[Data in this exercise]

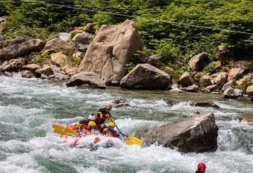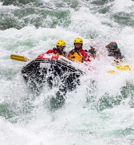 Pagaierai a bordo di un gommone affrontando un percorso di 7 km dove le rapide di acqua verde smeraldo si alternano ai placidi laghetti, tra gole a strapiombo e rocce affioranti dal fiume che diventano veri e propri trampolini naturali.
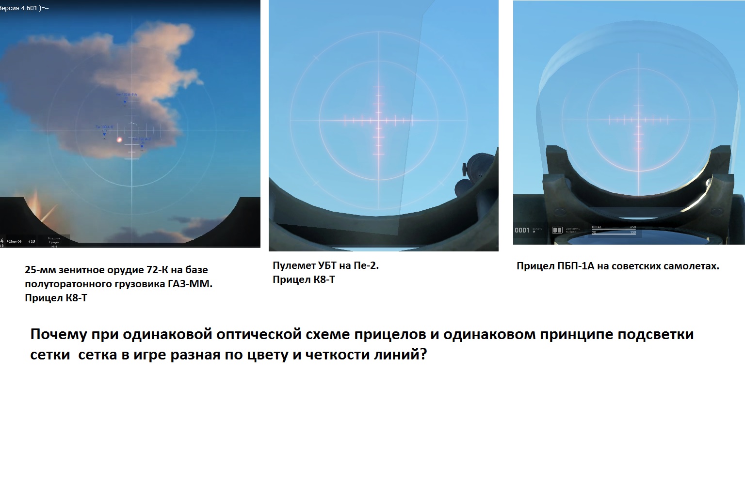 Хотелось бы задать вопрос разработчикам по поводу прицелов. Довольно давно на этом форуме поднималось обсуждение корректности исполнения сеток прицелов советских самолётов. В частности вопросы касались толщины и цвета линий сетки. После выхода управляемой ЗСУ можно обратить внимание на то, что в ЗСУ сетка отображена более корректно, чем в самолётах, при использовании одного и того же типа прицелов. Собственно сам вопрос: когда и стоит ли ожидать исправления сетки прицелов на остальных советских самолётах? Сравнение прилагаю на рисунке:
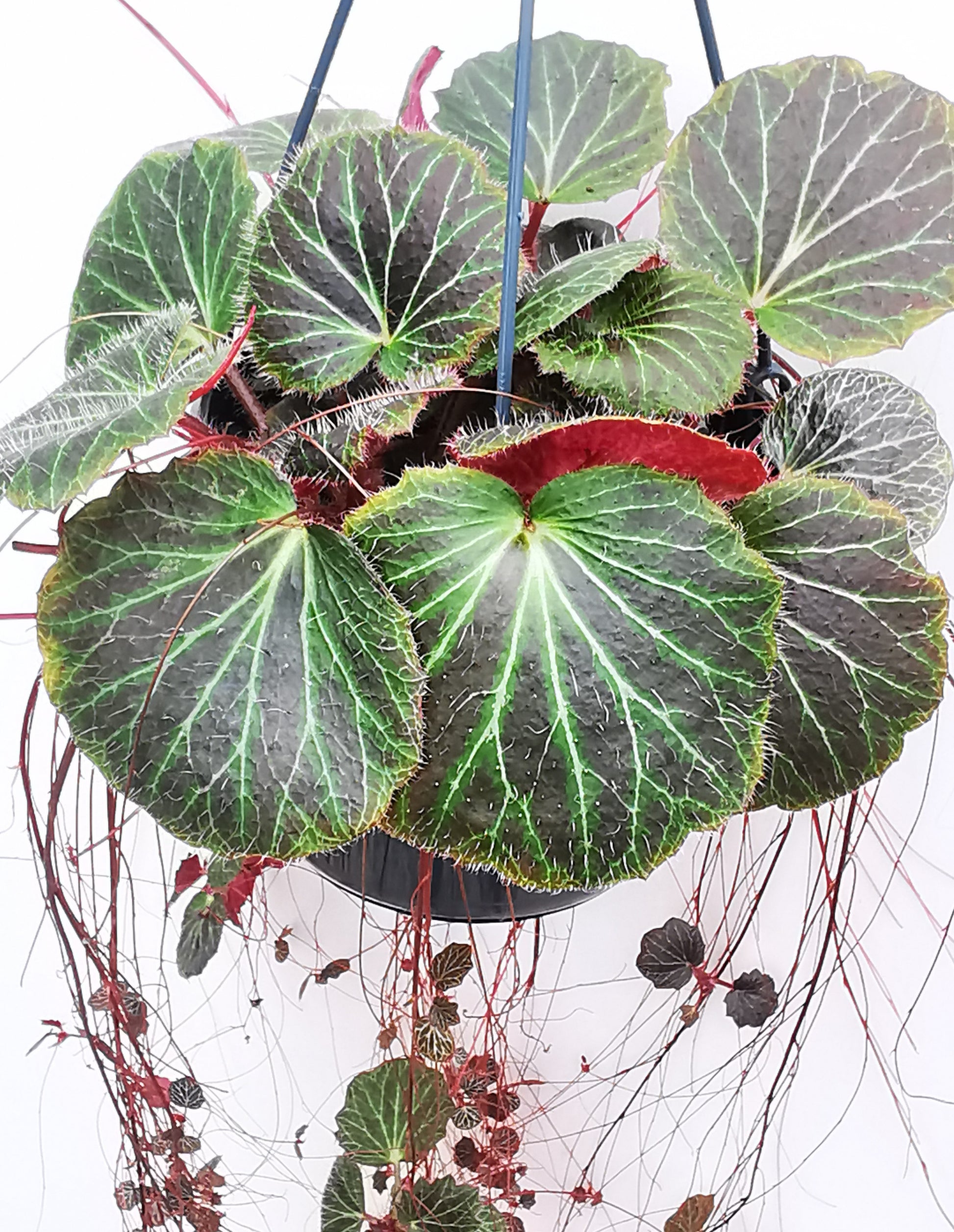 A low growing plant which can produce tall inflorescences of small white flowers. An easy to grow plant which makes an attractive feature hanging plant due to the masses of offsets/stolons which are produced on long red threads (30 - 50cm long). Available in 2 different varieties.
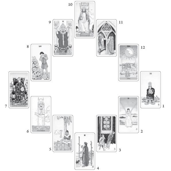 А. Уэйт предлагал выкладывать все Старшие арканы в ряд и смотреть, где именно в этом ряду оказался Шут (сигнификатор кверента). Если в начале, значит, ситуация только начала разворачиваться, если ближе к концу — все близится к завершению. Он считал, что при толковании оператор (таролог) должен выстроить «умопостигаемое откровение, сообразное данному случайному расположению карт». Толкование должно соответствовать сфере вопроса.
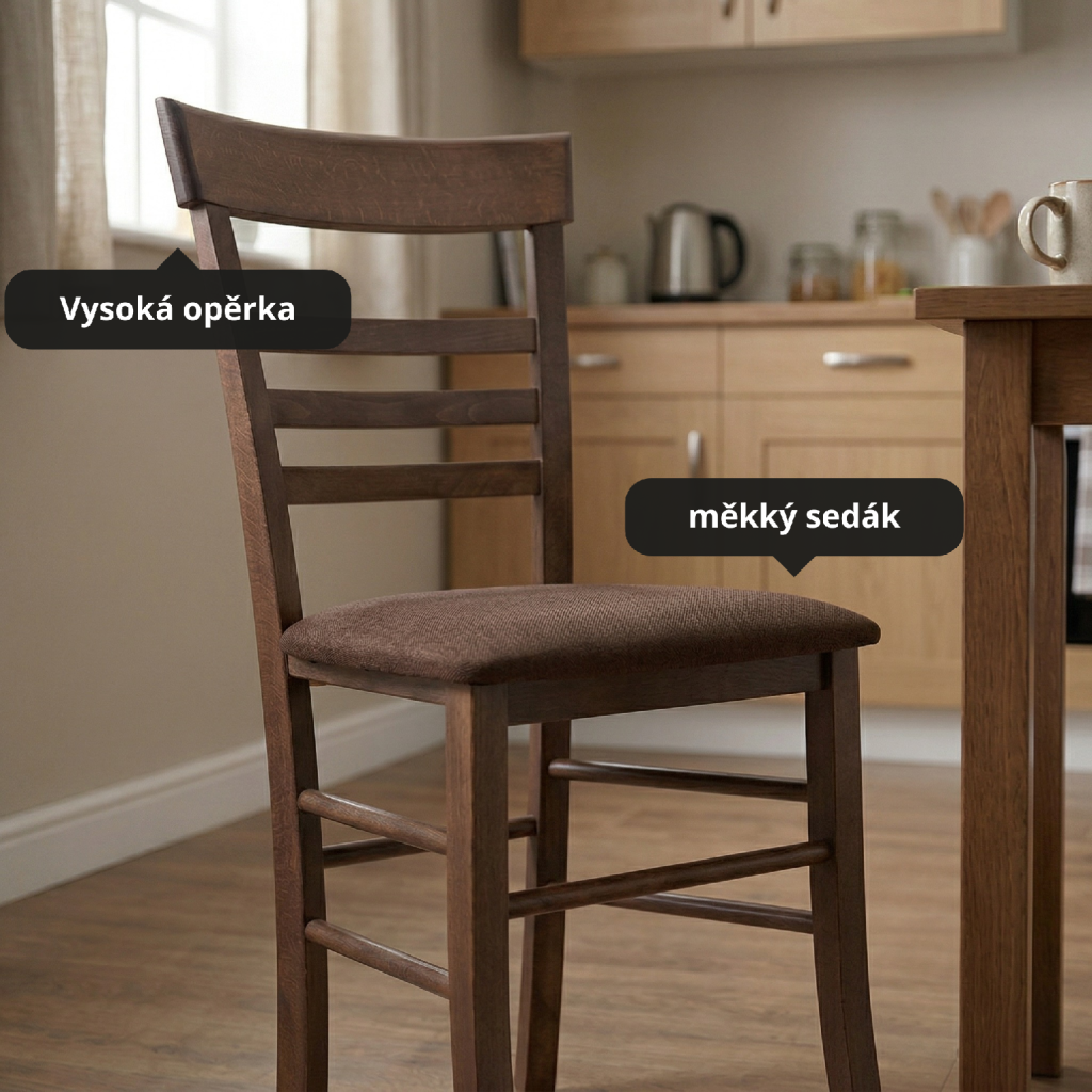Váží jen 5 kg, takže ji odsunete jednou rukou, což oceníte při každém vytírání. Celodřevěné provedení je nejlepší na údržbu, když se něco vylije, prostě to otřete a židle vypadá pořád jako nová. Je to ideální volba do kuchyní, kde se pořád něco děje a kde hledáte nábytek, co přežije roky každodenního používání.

[/Data in this exercise]
[Data in this exercise]

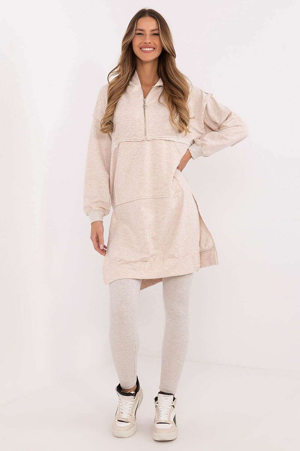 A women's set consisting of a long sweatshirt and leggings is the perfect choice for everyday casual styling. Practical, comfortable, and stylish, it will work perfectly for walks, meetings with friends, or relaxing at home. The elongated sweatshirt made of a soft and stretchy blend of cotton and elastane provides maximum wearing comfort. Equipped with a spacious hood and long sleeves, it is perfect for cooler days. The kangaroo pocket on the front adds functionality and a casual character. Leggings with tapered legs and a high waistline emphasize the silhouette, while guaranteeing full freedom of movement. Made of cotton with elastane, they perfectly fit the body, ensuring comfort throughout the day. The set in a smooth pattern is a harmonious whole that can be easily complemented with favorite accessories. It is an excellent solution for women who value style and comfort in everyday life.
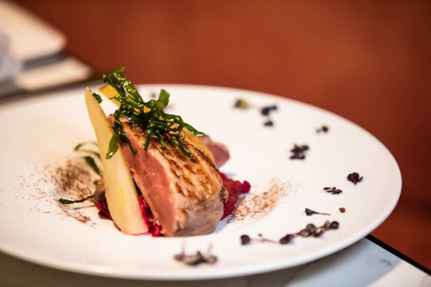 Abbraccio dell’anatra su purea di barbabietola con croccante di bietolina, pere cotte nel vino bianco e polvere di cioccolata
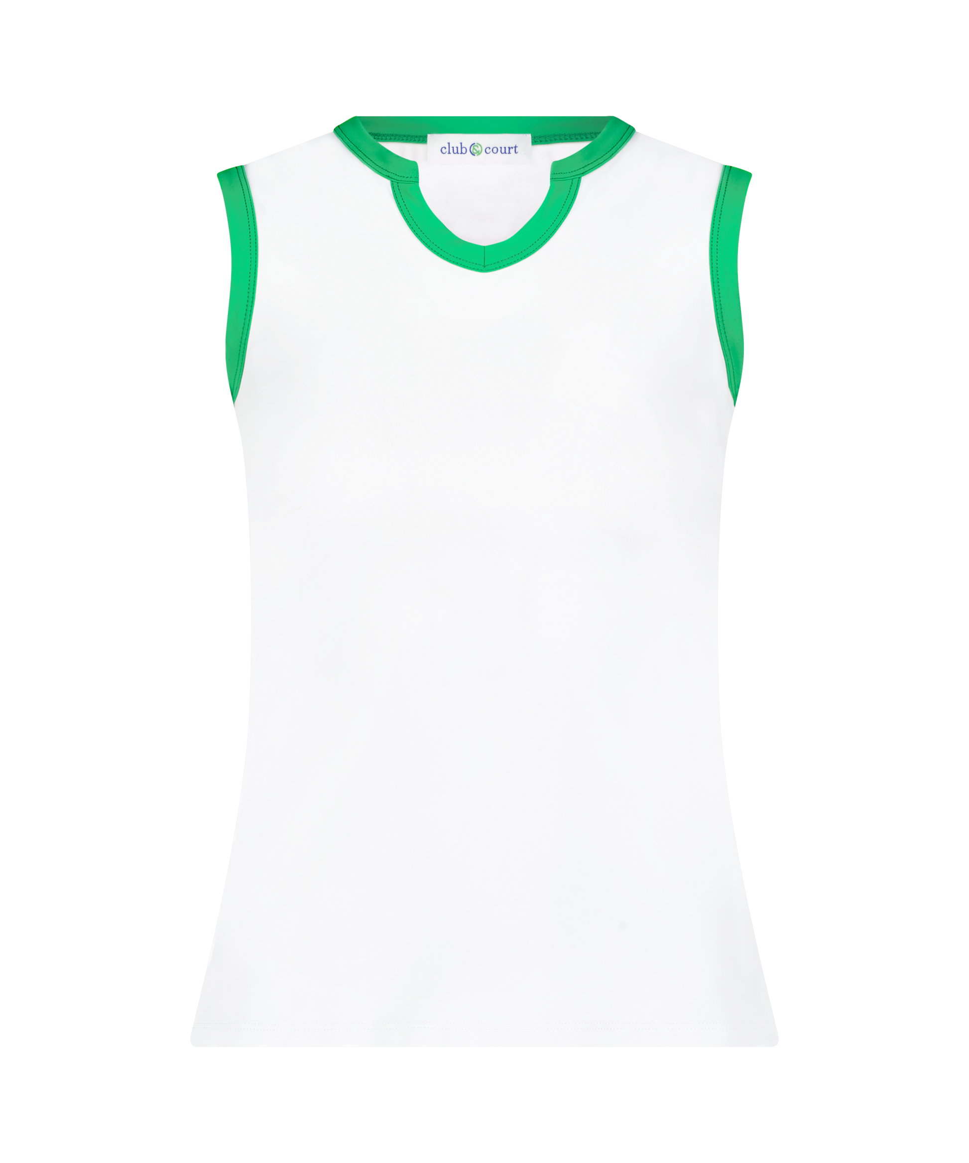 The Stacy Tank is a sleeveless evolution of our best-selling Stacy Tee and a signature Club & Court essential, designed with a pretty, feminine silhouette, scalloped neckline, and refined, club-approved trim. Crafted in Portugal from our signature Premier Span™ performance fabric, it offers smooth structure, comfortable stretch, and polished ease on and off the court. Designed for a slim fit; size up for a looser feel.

[/Data in this exercise]

Description of the task —
Output exactly the lines above, from the line with "Pagaierai a bordo" to the line with "A low growing", both included; skip the pictures.

Exercise output —
 Pagaierai a bordo di un gommone affrontando un percorso di 7 km dove le rapide di acqua verde smeraldo si alternano ai placidi laghetti, tra gole a strapiombo e rocce affioranti dal fiume che diventano veri e propri trampolini naturali.
 Хотелось бы задать вопрос разработчикам по поводу прицелов. Довольно давно на этом форуме поднималось обсуждение корректности исполнения сеток прицелов советских самолётов. В частности вопросы касались толщины и цвета линий сетки. После выхода управляемой ЗСУ можно обратить внимание на то, что в ЗСУ сетка отображена более корректно, чем в самолётах, при использовании одного и того же типа прицелов. Собственно сам вопрос: когда и стоит ли ожидать исправления сетки прицелов на остальных советских самолётах? Сравнение прилагаю на рисунке:
 A low growing plant which can produce tall inflorescences of small white flowers. An easy to grow plant which makes an attractive feature hanging plant due to the masses of offsets/stolons which are produced on long red threads (30 - 50cm long). Available in 2 different varieties.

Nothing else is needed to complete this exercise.